The federal agent spoke sharply: “Silence!” She turned to look at her colleagues with bemusement. “Jesus, what is it with these finance gerbils? I haven’t seen someone break this pitifully since that bookkeeper in Reno. ” She set aside her Nutcracker Flail, took a long pull on her Gaulioses, and said, “OK, let’s give Sam the night off. We’ll get him cleaned up for the judge in the morning.”
With that, Sam Antar, still restrained in straightjacket, was hauled back to the Shower Room, where he spent the night toe-writing in excrement on the linoleum.
Which would be altogether unremarkable, were it not for the fact that within hours, a Bloomberg reporter named Clyde Eltzrothis called, asking me to comment on it.
Patrick Byrne went on to accuse the California District Attorneys of not acting in good faith:
It is not our job to host DA’s on a no-limits fishing trip, especially when they have not acted in good faith in the past.
On May 18, 2011, Judge Robert B. Freeman granted the California District Attorney’s motion to compel Overstock.com to turn over the contact information of certain former employees. He rejected Byrne's argument.
Responsible companies that act in "good faith" fix their accounting errors and move on. They don't retaliate against whistleblowers who point out misstatements in financial reports. Patrick Byrne doesn't seem to be upset that Overstock.com violated accounting rules and had to restate its financial reports. Apparently, he's upset because his company's accounting irregularities were exposed. Byrne's disgusting prison fantasy involving me demonstrates his obsession to get back at me for pointing out his company's shenanigans. Byrne and his crew will make up anything and resort to any smear tactic in their attempts to punish me for uncovering their wrongdoing. But the fact remains that I uncovered violations of accounting rules which helped Overstock.com overstate its financial performance and the company made revisions in its financial reporting to correct those violations.

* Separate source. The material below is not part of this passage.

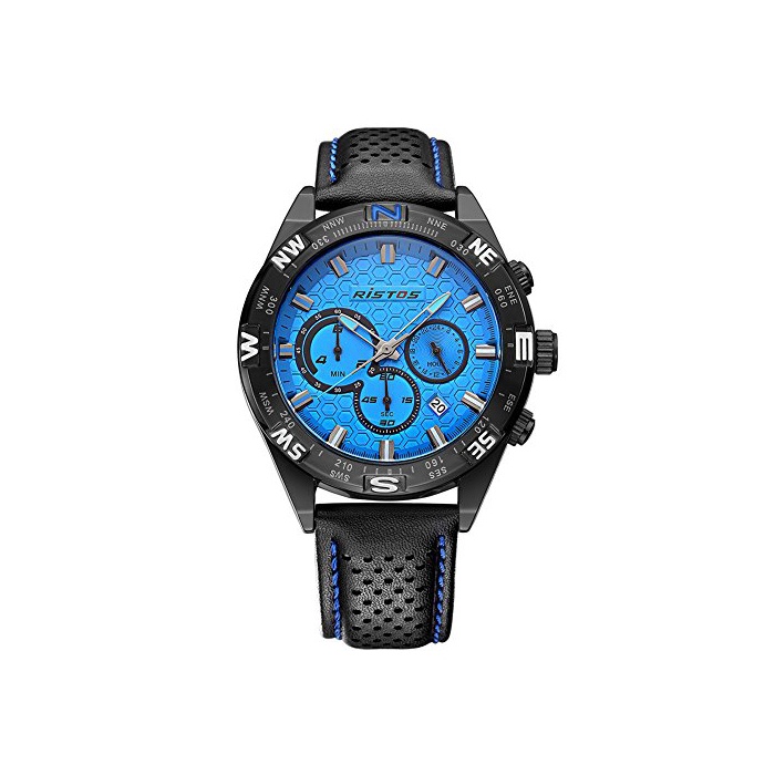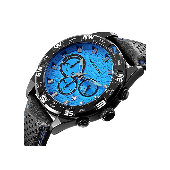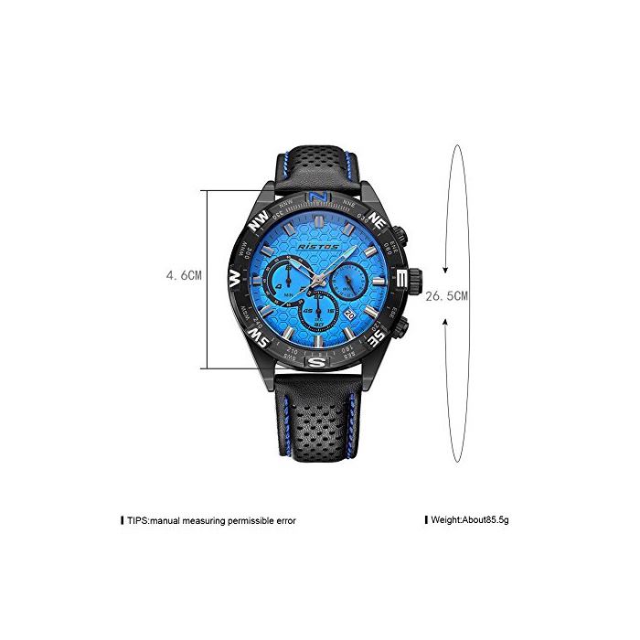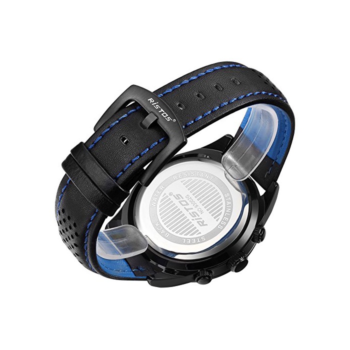 RISTOS Rockyu 감정 브랜드 인기 손목시계 맨즈 레이디스 스포츠 워치 30M 방수 내구 캘린더 야행 스포티 사파이어 유리 블랙 레더 가죽 밴드 [병행수입품]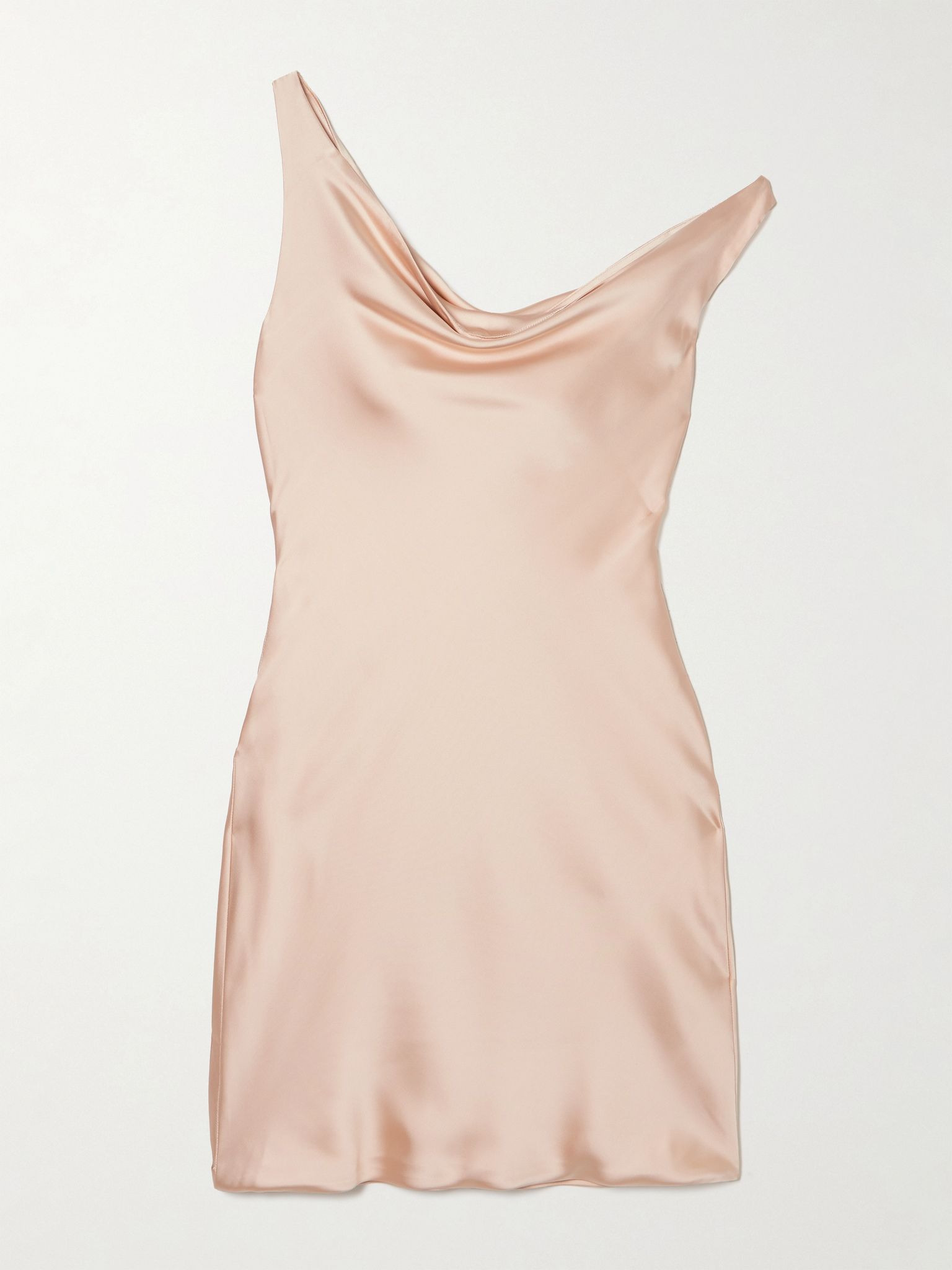 Few styles have the same appeal as a slinky slip dress. Norma Kamali's 'Maria' version is made from fluid satin that's beautifully draped to create a off-the-shoulder cowl neckline and has a hidden weight at the front and back to ensure it remains in place as you move. Wear yours with heeled sandals. Size & Fit - Fits true to size, take your normal size - Cut for a slim fit - Lightweight, non-stretchy fabric - Model is 177cm/ 5'10" and is wearing a size X Small Model measurements: - Bust: 85cm/ 33” - Waist: 66cm/ 26” - Hip: 92cm/ 36” Details & Care - Blush satin - Slips on - 100% polyester - Hand wash - Designer color: Baby

Last year, the Dodd-Frank Act was signed into law and the SEC issued final regulations about whistleblower protections. On May 25, 2011, SEC Chairman Mary Schapiro said in a speech that, “… the final rules make clear that the statute’s whistleblower protections apply to anyone who provides us information, even if that information relates to a possible securities law violation, and regardless of whether it leads to a successful enforcement action.”
Here, the SEC has a whistleblower that correctly identified accounting violations which caused a public company to restate its financial reports. The SEC has clear evidence of blatant retaliation by the issuer against that whistleblower. The freedom to criticize accounting practices without fear of reprisal from public companies is essential to our democracy and the integrity of our capital markets. It’s time for the SEC to put its money where its mouth is. The ball is in their court!
Sam E. Antar
I am a convicted felon and a former CPA. As the criminal CFO of Crazy Eddie, I helped my cousin Eddie Antar and other members of his family mastermind one of the largest securities frauds uncovered during the 1980's. I committed my crimes in cold-blood for fun and profit, and simply because I could.
If it weren't for the heroic efforts of the FBI, SEC, Postal Inspector's Office, US Attorney's Office, and class action plaintiff's lawyers who investigated, prosecuted, and sued me, I would still be the criminal CFO of Crazy Eddie today.
There is a saying, "It takes one to know one." Today, I work very closely with the FBI, IRS, SEC, Justice Department, and other federal and state law enforcement agencies in training them to identify and catch white-collar criminals. Often, I refer cases to them as an independent whistleblower. In addition, I teach about white-collar crime for government entities, professional organizations, businesses, and colleges and universities.
I do not seek or want forgiveness for my vicious crimes from my victims. I plan on frying in hell with other white-collar criminals for a very long time. My past sins are unforgivable.
I do not own any Overstock.com securities long or short.